Johann Sebastian Bach e Mieczyslaw Weinberg: due autori che (apparentemente) non possono essere più lontani e diversi tra loro. Due suite e due sonate per violoncello, che esplorano le più alte possibilità espressive dello strumento. Con questo programma, il concerto di giovedì 12 febbraio (Teatro Bibiena, ore 20.30), inserito nel cartellone di Tempo d'Orchestra, vede il ritorno a Mantova del rinomato violoncellista Mario Brunello.

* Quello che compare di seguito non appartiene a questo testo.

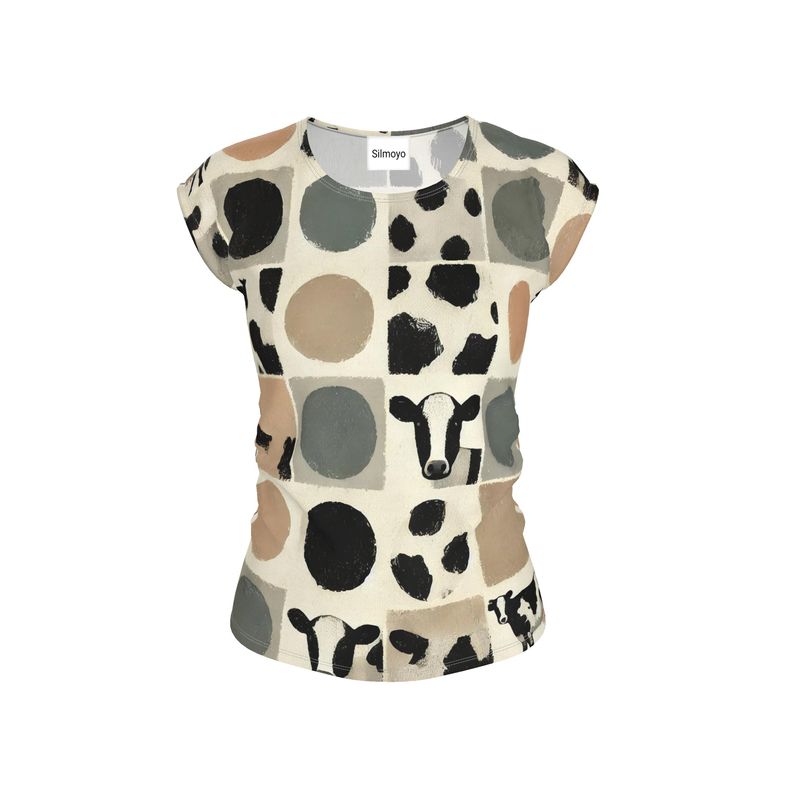 Effortlessly stylish and ultra-comfortable, our Ladies Loose Fit T-Shirt is the perfect blend of casual chic and modern design. Crafted from soft, breathable fabric, this tee drapes beautifully for a relaxed yet flattering fit. The unique abstract print — featuring earthy tones and artistic shapes — adds a touch of personality and flair to your everyday look.Features:Relaxed, loose-fit silhouette for all-day comfortLightweight, breathable material ideal for any seasonEye-catching geometric and animal-inspired patternShort sleeves and round neckline for a classic finishPerfect for pairing with jeans, shorts, or skirtsFabric: Premium cotton blendAvailable Sizes: S – XLCare Instructions: Machine wash cold, tumble dry lowBring artful charm and comfort to your wardrobe with this versatile T-shirt — made for women who love effortless style.

Delle Suite di Bach continuano a stupire la varietà inventiva e la tensione misurata tra tecnica e poesia. Come porsi, dunque, di fronte a questa meraviglia? Il timore, per un compositore, è quello di trovarsi di fronte a un modello se non insuperabile perlomeno molto ingombrante. Ecco perché è degna di nota la giusta distanza con cui Weinberg guarda a Bach per scrivere le sue sonate, caratterizzate da immagini sospese e tormentate, probabilmente ispirate alla vita travagliata dell’autore, ma che esaltano l’espressività dello strumento. Il concerto si realizza così, con le parole dello stesso Brunello, come “una staffetta tra due compositori che hanno aperto strade inimmaginabili, realizzato architetture metafisiche e che continuano ad essere meteore in viaggio nel futuro”.
Per informazioni e biglietti è possibile contattare il boxoffice (boxoffice@oficinaocm.com, 0376 360476) o passare in sede in Piazza Sordello 12 (da mercoledì a venerdì, dalle 10 alle 13 e dalle 15 alle 18).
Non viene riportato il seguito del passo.